* [What is being asked]: The stretch wanted below opens at the line containing "昼食のチキンライスはとても美" and closes at the line containing "SEASON TICKET: Silver, Red, Blue". Please return it exactly, with no other lines.

* [Data extract]:
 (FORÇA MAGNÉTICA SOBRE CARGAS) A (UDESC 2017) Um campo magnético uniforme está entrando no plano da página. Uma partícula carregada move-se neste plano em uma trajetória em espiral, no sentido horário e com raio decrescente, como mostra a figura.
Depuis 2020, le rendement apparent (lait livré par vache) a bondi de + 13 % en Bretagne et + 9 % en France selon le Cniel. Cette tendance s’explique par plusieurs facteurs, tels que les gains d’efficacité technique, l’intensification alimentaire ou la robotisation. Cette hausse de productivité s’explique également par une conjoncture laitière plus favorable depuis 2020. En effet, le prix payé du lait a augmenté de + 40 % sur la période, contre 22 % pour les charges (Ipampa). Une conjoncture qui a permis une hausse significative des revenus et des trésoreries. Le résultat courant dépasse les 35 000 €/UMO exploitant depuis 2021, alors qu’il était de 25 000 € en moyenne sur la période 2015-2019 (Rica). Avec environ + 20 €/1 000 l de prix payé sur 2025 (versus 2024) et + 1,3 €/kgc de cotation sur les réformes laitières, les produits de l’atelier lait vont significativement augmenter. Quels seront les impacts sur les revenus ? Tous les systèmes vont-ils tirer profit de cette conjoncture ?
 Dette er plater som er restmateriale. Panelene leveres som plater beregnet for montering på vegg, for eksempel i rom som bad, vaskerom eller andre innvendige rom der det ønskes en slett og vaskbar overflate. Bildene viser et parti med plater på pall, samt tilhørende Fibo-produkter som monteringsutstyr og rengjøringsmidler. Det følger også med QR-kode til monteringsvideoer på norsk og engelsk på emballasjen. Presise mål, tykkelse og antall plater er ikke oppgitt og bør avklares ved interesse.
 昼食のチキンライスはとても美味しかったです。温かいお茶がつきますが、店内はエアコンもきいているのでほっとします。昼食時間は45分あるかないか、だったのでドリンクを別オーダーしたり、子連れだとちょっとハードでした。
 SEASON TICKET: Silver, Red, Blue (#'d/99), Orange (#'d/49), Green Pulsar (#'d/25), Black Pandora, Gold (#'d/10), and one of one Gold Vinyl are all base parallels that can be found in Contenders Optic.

--

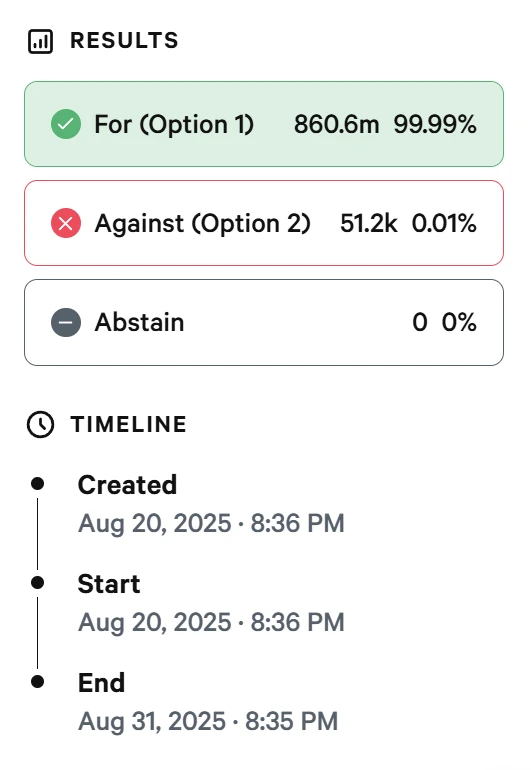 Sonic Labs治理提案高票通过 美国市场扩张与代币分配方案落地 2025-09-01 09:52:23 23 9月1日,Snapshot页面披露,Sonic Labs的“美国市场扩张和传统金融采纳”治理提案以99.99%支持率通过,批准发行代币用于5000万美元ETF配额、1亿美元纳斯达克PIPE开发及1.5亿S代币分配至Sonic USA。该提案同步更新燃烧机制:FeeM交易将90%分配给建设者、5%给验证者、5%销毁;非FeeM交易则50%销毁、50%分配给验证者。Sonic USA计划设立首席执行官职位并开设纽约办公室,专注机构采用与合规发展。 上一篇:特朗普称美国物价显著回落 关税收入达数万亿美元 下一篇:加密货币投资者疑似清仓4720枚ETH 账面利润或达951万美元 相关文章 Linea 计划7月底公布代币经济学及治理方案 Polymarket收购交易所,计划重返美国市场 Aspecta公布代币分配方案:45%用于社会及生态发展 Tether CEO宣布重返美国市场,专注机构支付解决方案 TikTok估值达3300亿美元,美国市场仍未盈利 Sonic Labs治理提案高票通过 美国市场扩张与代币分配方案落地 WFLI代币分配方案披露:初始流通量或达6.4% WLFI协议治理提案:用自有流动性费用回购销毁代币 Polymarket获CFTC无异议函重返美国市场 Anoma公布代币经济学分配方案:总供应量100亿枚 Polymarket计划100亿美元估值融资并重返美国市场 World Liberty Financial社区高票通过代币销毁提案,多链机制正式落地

* [Solution to this exercise]:
 昼食のチキンライスはとても美味しかったです。温かいお茶がつきますが、店内はエアコンもきいているのでほっとします。昼食時間は45分あるかないか、だったのでドリンクを別オーダーしたり、子連れだとちょっとハードでした。
 SEASON TICKET: Silver, Red, Blue (#'d/99), Orange (#'d/49), Green Pulsar (#'d/25), Black Pandora, Gold (#'d/10), and one of one Gold Vinyl are all base parallels that can be found in Contenders Optic.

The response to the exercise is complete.